I margini di manovra sono molto ristretti. Gli agricoltori possono provare a modificare i propri orientamenti colturali passando da produzioni che richiedono massicce dosi di fertilizzanti come il mais ad altre, come ad esempio i semi oleosi, che ne richiedono meno. Ma questo rischia di avere ricadute negative sulla zootecnia che non può fare a meno del mais per l’alimentazione animale.

Il riciclo di ammoniaca

«Gli unici rimedi – conclude il presidente Toffoli – sono quelli della diversificazione degli approvvigionamenti di gas, della costruzione di gasdotti e rigassificatori.
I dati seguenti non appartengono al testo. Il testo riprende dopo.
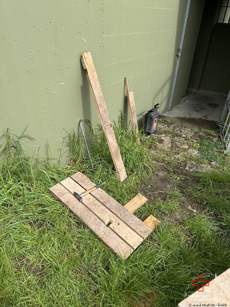 Da das ausgetauschte, neue Bett nicht mehr dieselben Masse hat, wie das alte, musste auch der Bodenrost angepasst werden. Und da Tobi und Daniel um 16 Uhr eh noch eine Führung im Bunker Kirchtannen hatten, passte die Arbeit perfekt in die übrige Zeit (Inklusive Grillen/Mittagessen ).

Poi ci sarà l’alternativa del riciclo dell’ammoniaca prodotta dal settore zootecnico. Alternativa che finora aveva costi esorbitanti ma che con i continui rialzi del gas sta cominciando a essere potenzialmente competitiva. Poi ci saranno i progressi tecnologici che consentiranno nuove forme di circular economy e la produzione di ammoniaca green da fonti di energia rinnovabili. Ma occorre tempo. Per questo ci stiamo convincendo che lo scenario che abbiamo davanti sarà critico ancora per diversi mesi».